TASK PROMPT: Every line below from the one containing "紙吹雪が頭の上に落ちたままの" through the one containing "150 нежно-розовых тюльпанов" is to be printed exactly, with the pictures omitted.

INPUT:
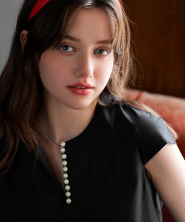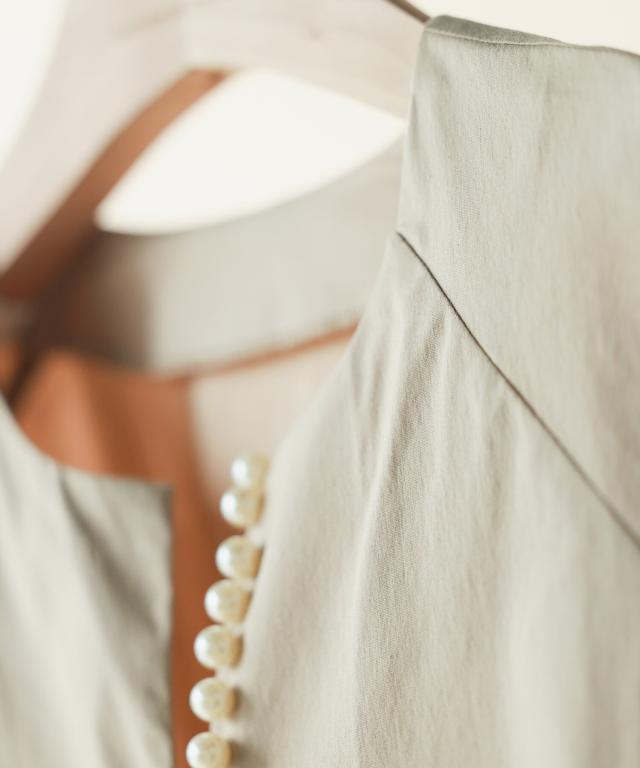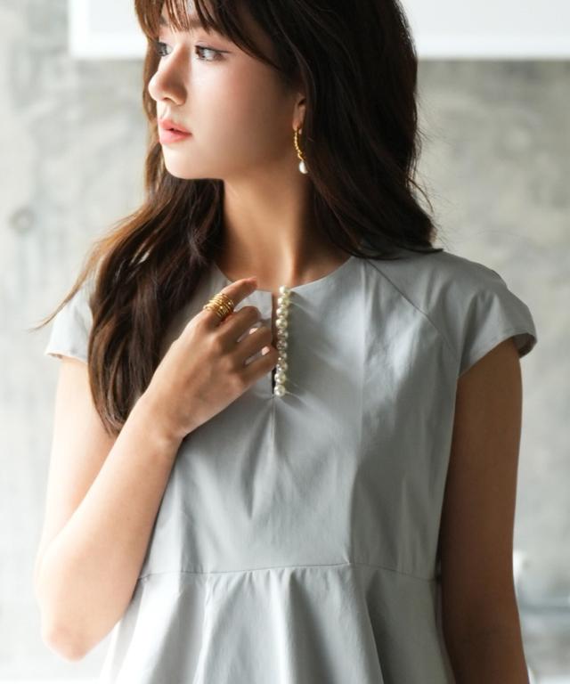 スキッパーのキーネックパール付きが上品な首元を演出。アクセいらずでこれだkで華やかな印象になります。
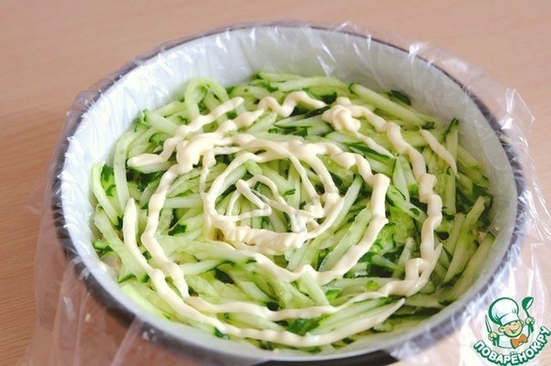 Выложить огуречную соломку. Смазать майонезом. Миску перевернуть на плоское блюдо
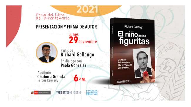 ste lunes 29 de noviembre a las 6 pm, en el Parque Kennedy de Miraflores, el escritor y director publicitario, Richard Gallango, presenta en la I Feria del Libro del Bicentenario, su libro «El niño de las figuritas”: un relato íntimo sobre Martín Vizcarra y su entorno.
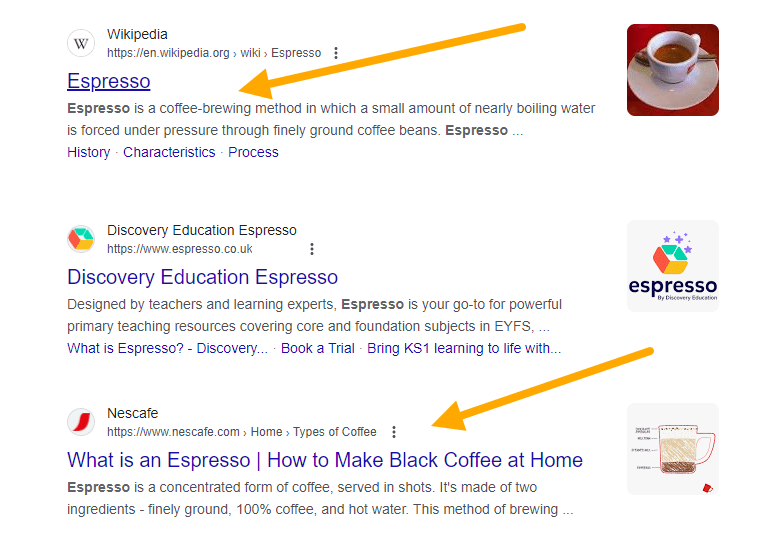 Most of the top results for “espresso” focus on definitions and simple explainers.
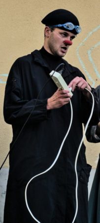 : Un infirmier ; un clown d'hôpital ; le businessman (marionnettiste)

==

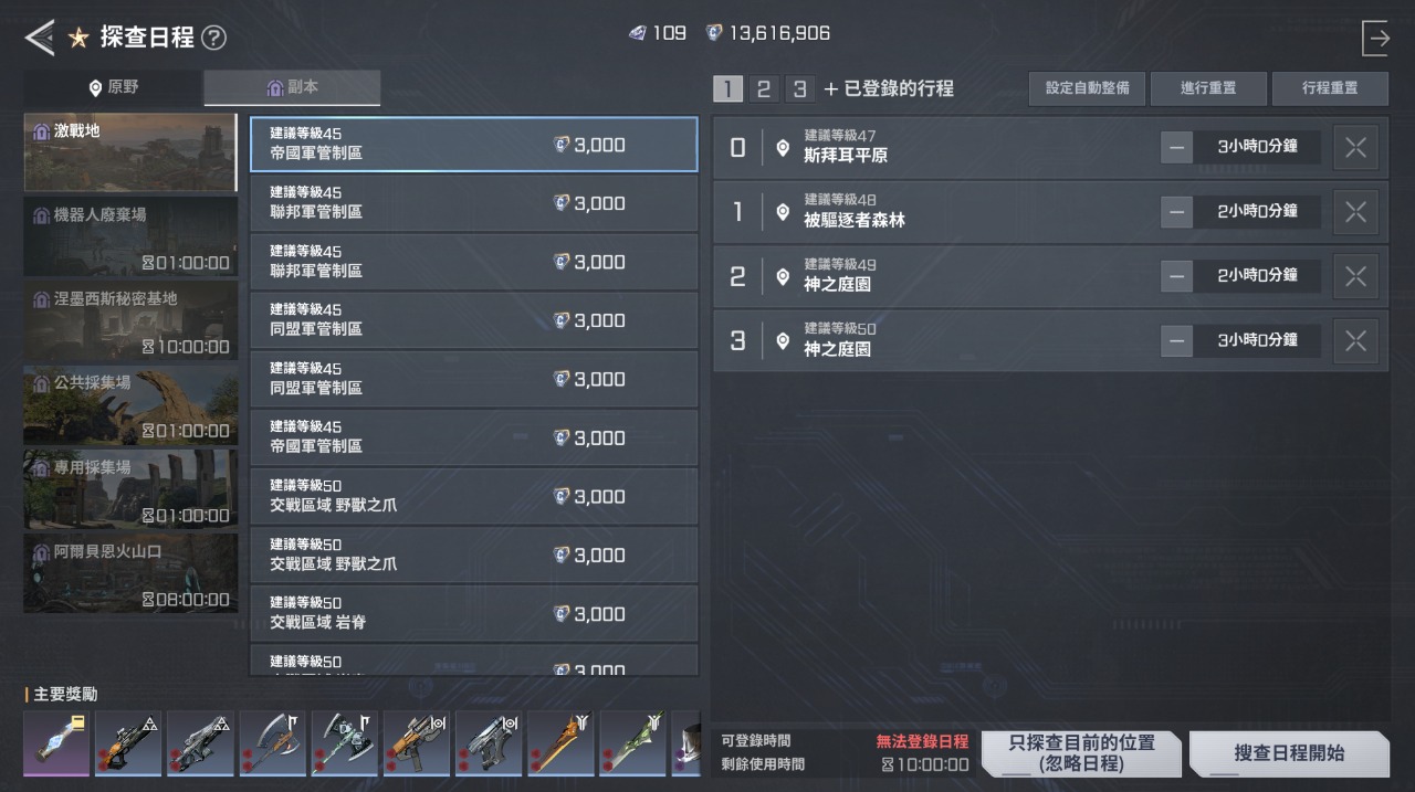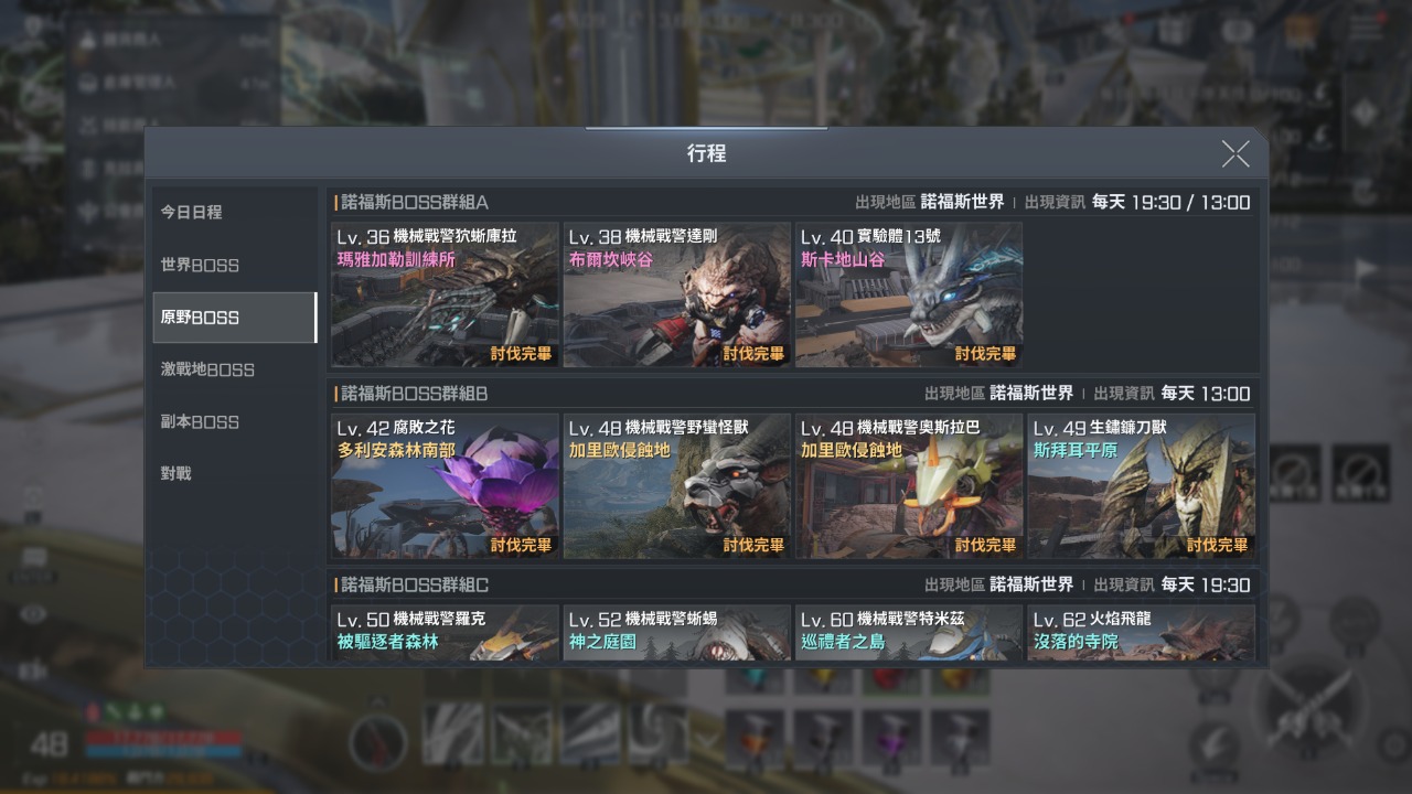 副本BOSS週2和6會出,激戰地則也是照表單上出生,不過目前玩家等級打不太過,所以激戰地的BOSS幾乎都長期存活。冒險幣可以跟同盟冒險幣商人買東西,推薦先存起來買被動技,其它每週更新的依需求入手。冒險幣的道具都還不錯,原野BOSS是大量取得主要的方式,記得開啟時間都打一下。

==

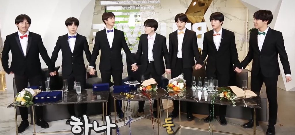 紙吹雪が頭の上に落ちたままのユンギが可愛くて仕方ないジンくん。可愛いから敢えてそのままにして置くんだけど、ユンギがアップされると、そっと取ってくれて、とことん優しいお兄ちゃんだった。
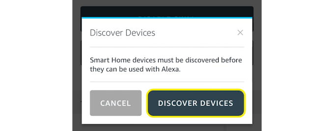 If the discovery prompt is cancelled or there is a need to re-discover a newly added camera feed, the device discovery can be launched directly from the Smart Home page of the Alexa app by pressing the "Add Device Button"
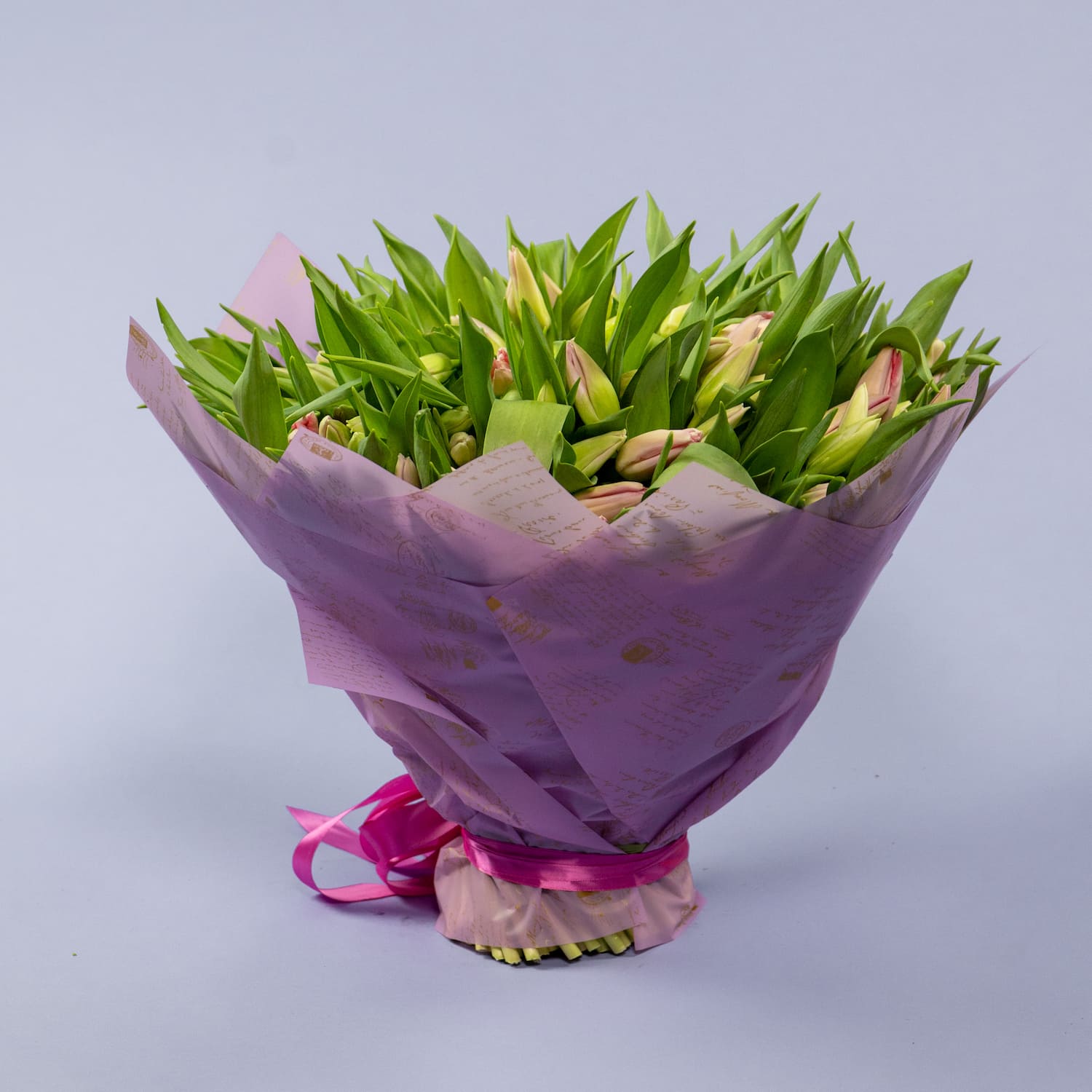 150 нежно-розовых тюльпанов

EXERCISE SOLUTION:
 紙吹雪が頭の上に落ちたままのユンギが可愛くて仕方ないジンくん。可愛いから敢えてそのままにして置くんだけど、ユンギがアップされると、そっと取ってくれて、とことん優しいお兄ちゃんだった。
 If the discovery prompt is cancelled or there is a need to re-discover a newly added camera feed, the device discovery can be launched directly from the Smart Home page of the Alexa app by pressing the "Add Device Button"
 150 нежно-розовых тюльпанов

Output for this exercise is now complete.